**Exercise goal:** Output every line below exactly, please, omitting pictures.

**Information shown:**

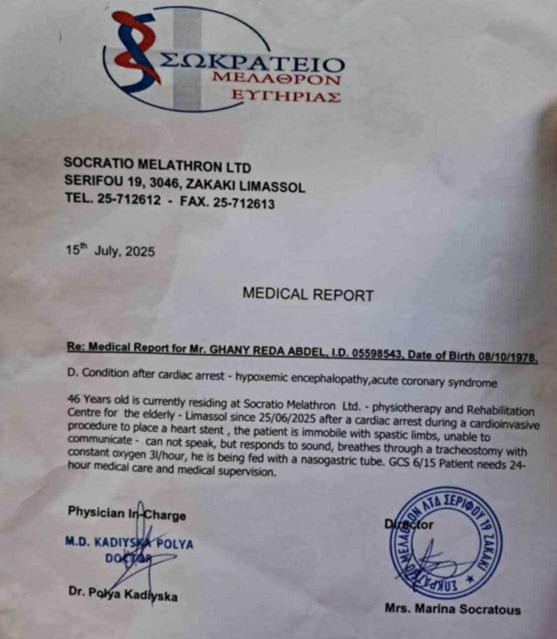 أوضح الأطباء المعالجون في قبرص أن حالة "رضا" الصحية تحتاج إلى نقله إلى مصر للعلاج بشكل عاجل، حيث لم يعد التأمين الصحي الخاص به يغطي تكاليف العلاج، وهو ما يفاقم من معاناته ومعاناة أسرته.
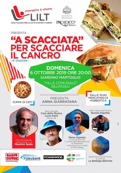 Domenica 6 ottobre a Belpasso, presso il Giardino “Martoglio”, si terra l’ottava edizione de “A Scacciata per scacciare il cancro”, promossa dalla LILT (Lega Italiana per la Lotta contro i Tumori) di Catania e dalla locale delegazione, col patrocinio del Comune di Belpasso e della Pro Loco, che ha come obiettivo la raccolta di fondi a favore dell’attività dell’associazione. Dalle 10 in poi, e fino alla conclusione della manifestazione, si potrà visitare il “Mercatino di hobbistica” mentre, in serata, con un piccolo contributo si potrà degustare la scacciata siciliana e, in collaborazione con l’associazione Mo.I.Ca, anche la zuppa di ceci. L’evento, condotto da Anna Giarratana, come sempre vedrà alternarsi momenti di spettacolo e interventi su salute e prevenzione. Interverranno la dottoressa Maria Grazia Villari, medico, psicoterapeuta e docente della “Scuola Europea di Psicoterapia Funzionale”, che parlerà su “L’impatto della malattia oncologica nella famiglia”; e la dottoressa Rossella Salemi, biologa, dottoranda di ricerca presso il Dipartimento “Biometec” dell’Università di Catania, che parlerà di “Efficacia dei trattamenti antitumorali”. Lo spettacolo vedrà protagonisti il cabarettista Massimo Spata, la Casa della Musica Lucio Dalla, l’attore Mario Opinato in un estratto de “L’uomo dal fiore in bocca” di Pirandello nella riscrittura e regia di Pino Pesce.«Fra le tante manifestazioni annuali che la Lilt propone nella nostra provincia – dichiara il Presidente della LILT di Catania, dottoressa Aurora Scalisi – la “Scacciata per scacciare il cancro” rappresenta una bella festa d’autunno, da vivere insieme agli amici in un clima di convivialità, ascoltando buona musica, sorridendo con gli sketch proposti e, soprattutto, ottenendo informazioni utilissime per accogliere uno stile di vita sano improntato sulla prevenzione».Aggiunge Claudia Doria, responsabile LILT per il volontariato: «Le diverse raccolte fondi delle trascorse edizioni della “Scacciata per scacciare il cancro” hanno consentito di realizzare campagne di sensibilizzazione sulla prevenzione del tumore al seno e del melanoma, ma anche di contribuire all’acquisto di strumenti medici per la diagnosi precoce. Per questo 2019 abbiamo deciso di indirizzare la raccolta sia per le campagne di prevenzione, sia per l’acquisto di parrucche per donne meno abbienti in terapia che ne facciano richiesta». Michele Milazzo
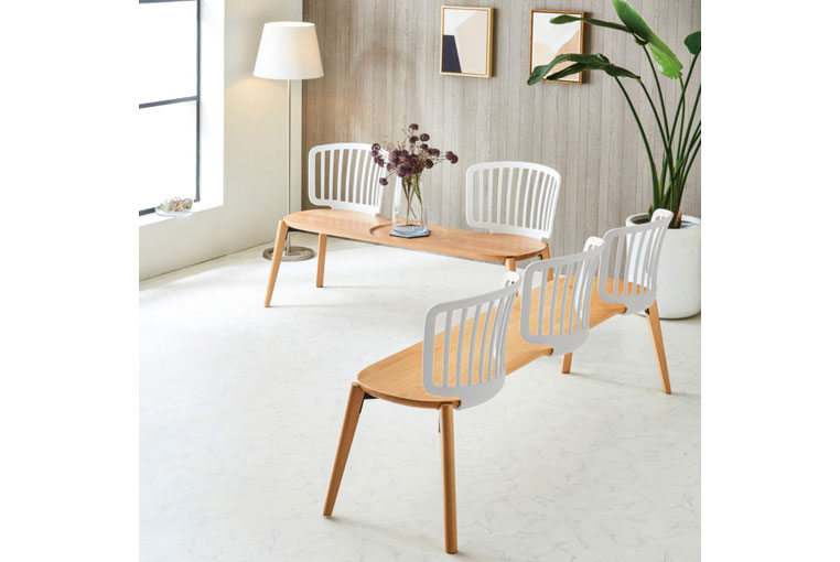 まるでフライ返しのような背もたれが目を引くデザインのベンチ。待合室やロビーなどのアクセントに。

**Your response:**
 أوضح الأطباء المعالجون في قبرص أن حالة "رضا" الصحية تحتاج إلى نقله إلى مصر للعلاج بشكل عاجل، حيث لم يعد التأمين الصحي الخاص به يغطي تكاليف العلاج، وهو ما يفاقم من معاناته ومعاناة أسرته.
 Domenica 6 ottobre a Belpasso, presso il Giardino “Martoglio”, si terra l’ottava edizione de “A Scacciata per scacciare il cancro”, promossa dalla LILT (Lega Italiana per la Lotta contro i Tumori) di Catania e dalla locale delegazione, col patrocinio del Comune di Belpasso e della Pro Loco, che ha come obiettivo la raccolta di fondi a favore dell’attività dell’associazione. Dalle 10 in poi, e fino alla conclusione della manifestazione, si potrà visitare il “Mercatino di hobbistica” mentre, in serata, con un piccolo contributo si potrà degustare la scacciata siciliana e, in collaborazione con l’associazione Mo.I.Ca, anche la zuppa di ceci. L’evento, condotto da Anna Giarratana, come sempre vedrà alternarsi momenti di spettacolo e interventi su salute e prevenzione. Interverranno la dottoressa Maria Grazia Villari, medico, psicoterapeuta e docente della “Scuola Europea di Psicoterapia Funzionale”, che parlerà su “L’impatto della malattia oncologica nella famiglia”; e la dottoressa Rossella Salemi, biologa, dottoranda di ricerca presso il Dipartimento “Biometec” dell’Università di Catania, che parlerà di “Efficacia dei trattamenti antitumorali”. Lo spettacolo vedrà protagonisti il cabarettista Massimo Spata, la Casa della Musica Lucio Dalla, l’attore Mario Opinato in un estratto de “L’uomo dal fiore in bocca” di Pirandello nella riscrittura e regia di Pino Pesce.«Fra le tante manifestazioni annuali che la Lilt propone nella nostra provincia – dichiara il Presidente della LILT di Catania, dottoressa Aurora Scalisi – la “Scacciata per scacciare il cancro” rappresenta una bella festa d’autunno, da vivere insieme agli amici in un clima di convivialità, ascoltando buona musica, sorridendo con gli sketch proposti e, soprattutto, ottenendo informazioni utilissime per accogliere uno stile di vita sano improntato sulla prevenzione».Aggiunge Claudia Doria, responsabile LILT per il volontariato: «Le diverse raccolte fondi delle trascorse edizioni della “Scacciata per scacciare il cancro” hanno consentito di realizzare campagne di sensibilizzazione sulla prevenzione del tumore al seno e del melanoma, ma anche di contribuire all’acquisto di strumenti medici per la diagnosi precoce. Per questo 2019 abbiamo deciso di indirizzare la raccolta sia per le campagne di prevenzione, sia per l’acquisto di parrucche per donne meno abbienti in terapia che ne facciano richiesta». Michele Milazzo
 まるでフライ返しのような背もたれが目を引くデザインのベンチ。待合室やロビーなどのアクセントに。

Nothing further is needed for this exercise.